Question

The relationship between rate constant and half-life period of zero order reaction is given by:
\[
  A.{\text{ }}{t_{\dfrac{1}{2}}} = \left[ {{A_0}} \right]2k \\
  B.{\text{ }}{t_{\dfrac{1}{2}}} = \dfrac{{0.693}}{k} \\
  C.{\text{ }}{t_{\dfrac{1}{2}}} = \dfrac{{\left[ {{A_0}} \right]}}{{2k}} \\
  D.{\text{ }}{t_{\dfrac{1}{2}}} = \dfrac{{2\left[ {{A_0}} \right]}}{{2k}} \\
 \]

Answer 1

Hint: In order to solve the given problem we will first see the meaning of the zero order reaction and the characteristics. Further in order to find the relation between the rate constant of the zero order reaction and the half life of zero order reaction we will use the general rate expression for the reaction and substitute the criterion for zero order further we will solve the rate equation by integrating it and we will find the general equation for zero order and further we will put the constant and half life to finally get the relation between the two.

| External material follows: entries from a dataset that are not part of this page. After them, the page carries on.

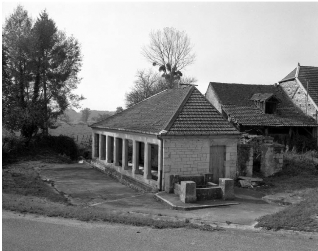
Façades postérieures depuis la cour en 1988.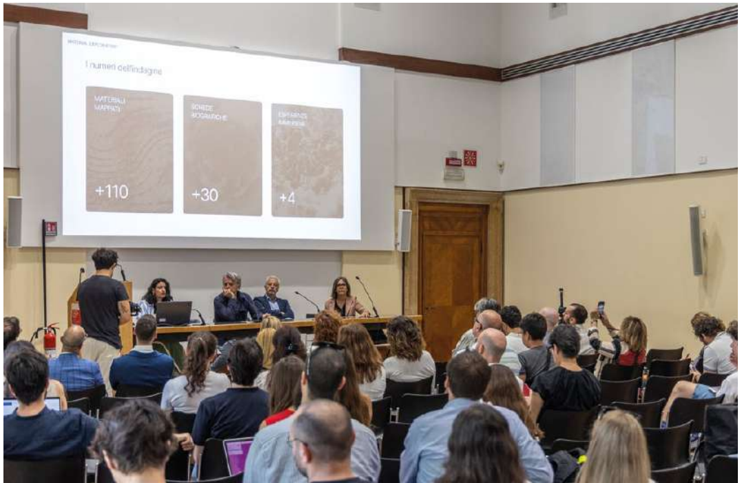
FIGURE 02, 03

Due momenti di restituzione pubblica dei risultati del progetto Material Exploratory, nell'aula Tafuri di palazzo Badoer.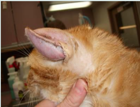
Othematoom bij de kat

Door al dat vele schudden en krabben ontstaat een enkele keer een othematoom (bloedoor). Dit is een zwelling van de oorschelp door een onderhuidse bloeditstorting.

Complete step by step answer:
A zeroth order reaction has a rate which is independent of the reactant(s) concentration(s). The intensity is evidently independent of the concentration of reactants. With rising or declining concentrations of reactants, the frequencies of these zero-order reactions do not differ. It implies that the rate of the response is equal to the rate constant, k, of that response. Zero-order reactions are usually encountered where the reactants saturate a substrate that is required for the reaction to occur, such as a surface or a catalyst.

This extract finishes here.